The lack of the same off-street parking requirement in New York, combined with the ridiculous alternate side parking system for on-street parking, would seem to discourage driving in the city I now call home, but there's no shortage of cars here. Plus, the aggressive nature of many drivers and the lack of adequate (safe) bike lanes has curtailed my attempts at adding bicycling to my mix of walking and public transit. Worst of all is the city's unwillingness to prosecute people who kill pedestrians and cyclists with their cars, outside of DUIs and some hit-and-run offenses. In my neighborhood just last month, a driver backed into a pedestrian, killing him, but the driver was not charged. And according to a New York Times analysis of city crash data in 2019, even though "drivers are responsible for most fatal crashes ... [they] rarely face serious charges when they kill someone."

New York City is clearly a place where, as Woodrow Phoenix would say, "if you want to get away with murder, buy a car." In Crash Course, his latest book of graphic journalism (it is an expansion of his 2009 book Rumble Strip), Phoenix recounts some harrowing stories of drivers killing people, in NYC and elsewhere. These include careless driving, the most common reason for traffic deaths, but also situations where cars were used as weapons of terror, and even instances when drivers were arrested or killed because of the color of their skin. So Crash Course is not just about inattentive drivers sideswiping bicyclists or turning right on red and hitting somebody crossing the street. It runs the gamut, mixing factual accounts with metaphors, ruminations, provocations, and personal stories, all aimed at enraging readers, most of which are not like me — they own cars. 

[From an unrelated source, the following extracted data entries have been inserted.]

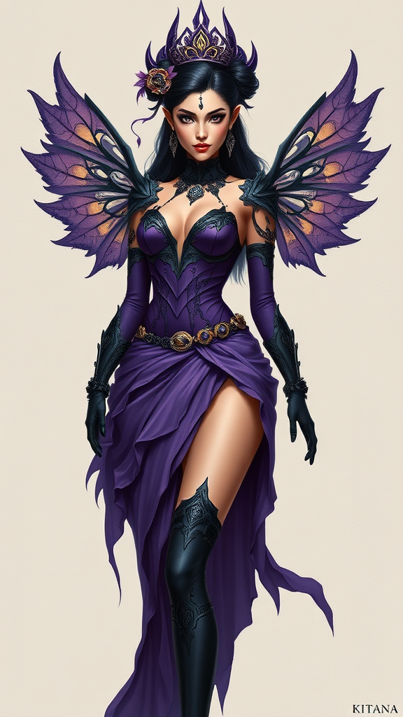 A regal figure of a goddess-like woman named Kitana, adorned in a luxurious ensemble of purple and black with a short, elegant skirt. Her charismatic presence is emphasized by her stunning features, including captivating large eyes and flawless, soft skin. Her attire is a fusion of fashion and fantasy, with an elaborate play on textures and details, embodying a mix of gothic and fantastical themes. The rendering is inspired by the artistry of Greg Rutkowski and Artgerm, characterized by intricate, highly detailed brushwork and a dynamic color palette. This concept art portrays her in a pose that exudes confidence and strength, set against a backdrop that highlights the triadic and complementary colors of her outfit. Designed in 8k resolution, the artwork aims for a balance of vivid realism and imaginative flair, resonating with gothic and fantasy art aficionados. Despite minor creative liberties, the depiction maintains harmonious proportions and anatomy, avoiding any deformations or inconsistencies.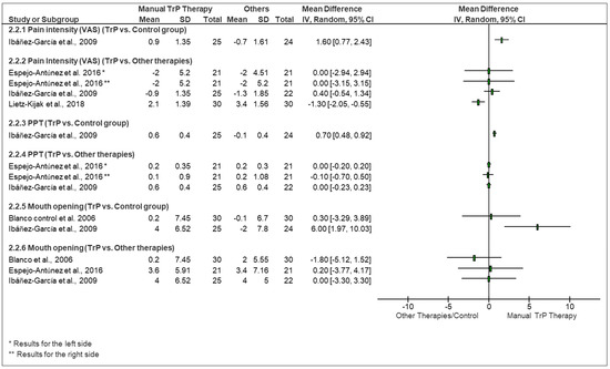 Forest plot for qualitative comparison of manual TrP therapy vs. any other therapy or controls used in the analyzed studies. Pain is reported in cm, pressure pain thresholds (PPT) in kg/cm2, and mouth opening in mm).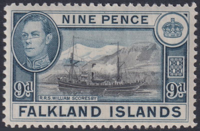 2686 M imageFalkland Isl 1938 9d GVI Ship. SG 157. Cat £28. Mint. (Image)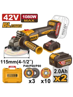 Угловая шлифовальная машина 42В 2*2 0Ач INGCO CAGLI4108112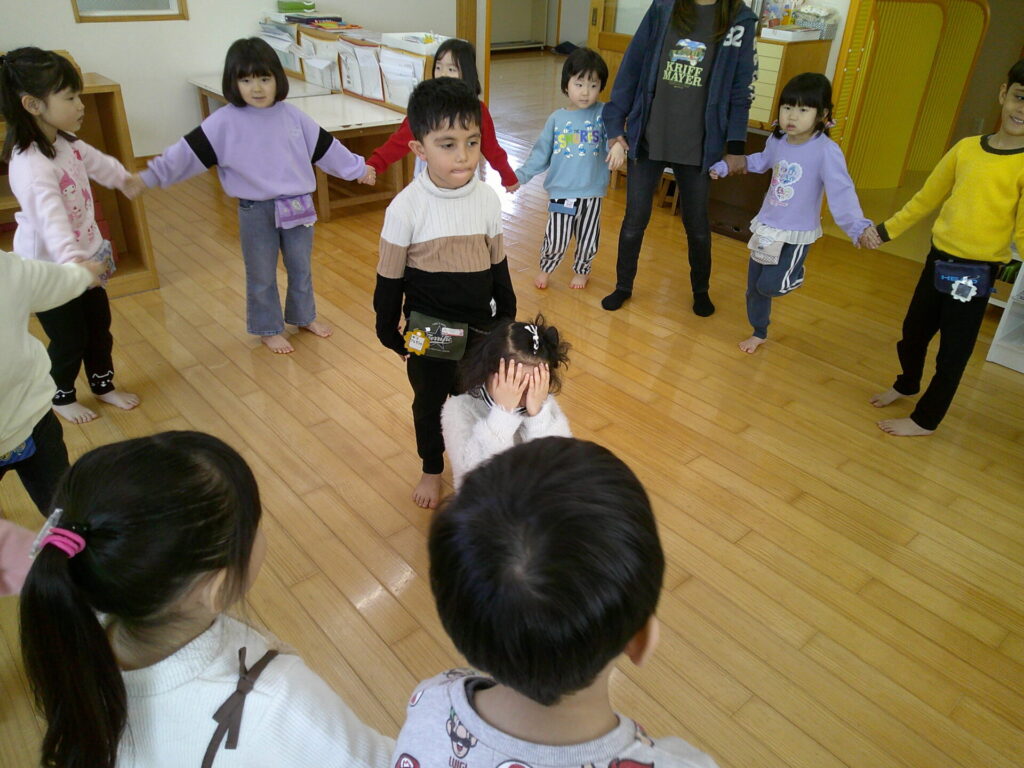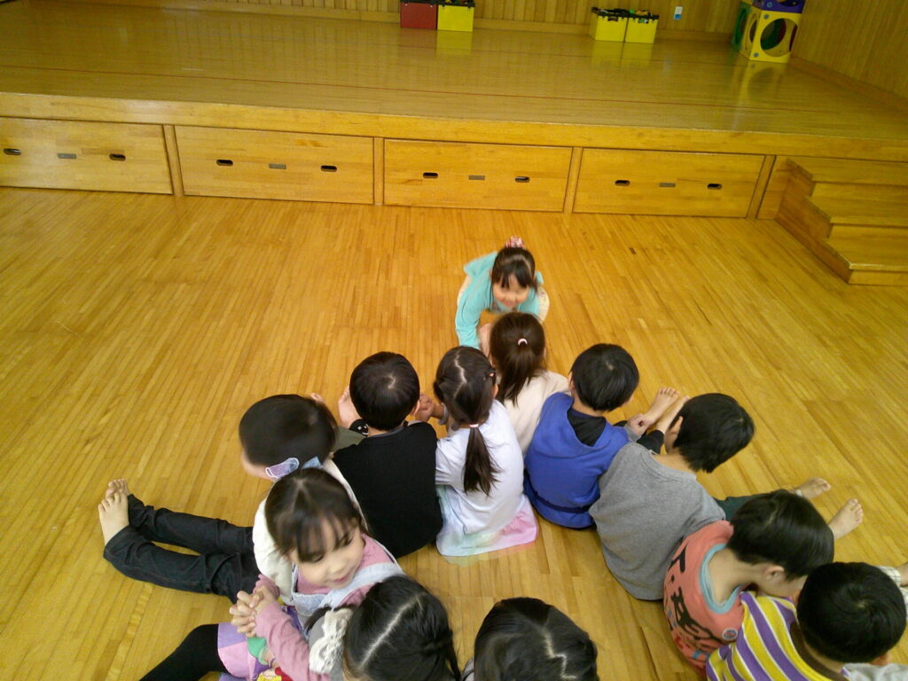 「スキッピーカンガルー」という遊びをしました🦘真ん中にカンガルー役の子がいて後ろにいる子が誰なのかを当てるというゲームです。声だけを頼りにお友達を当てるというのが新鮮で、小さな声で見守っていた子ども達でした。お友達を当てる事が出来るとカンガルー役の子がとっても喜んでいた姿が可愛らしかったです💓

Pervading the book is the disconnect between automobiles, metal boxes that now weigh on average around two tons, and people, which are relatively soft and so much lighter. Phoenix calls them, respectively, "spam in a can" and "naked spam." The disconnect, combined with the space given over to the use of cars and the way traffic engineering prioritizes the movement of cars over anything else, results in cars killing so many people every year, every day, every moment. Yet, even though this book is about those people — both types of spam — there are neither cars nor people illustrated in the book, outside of the outlines of some human figures. This approach puts the focus on the ridiculous amounts of pavement devoted to the conveyance and storage of cars. In Phoenix's hands these urban voids — streets, highways, parking lots — empty of even parked cars, become spaces of potential: of death and disaster. More optimistically, in light of the pause caused by the coronavirus pandemic, I like to see them as spaces of promise, of priorities shifting from cars to people, from speed to safety, and from flow to slow.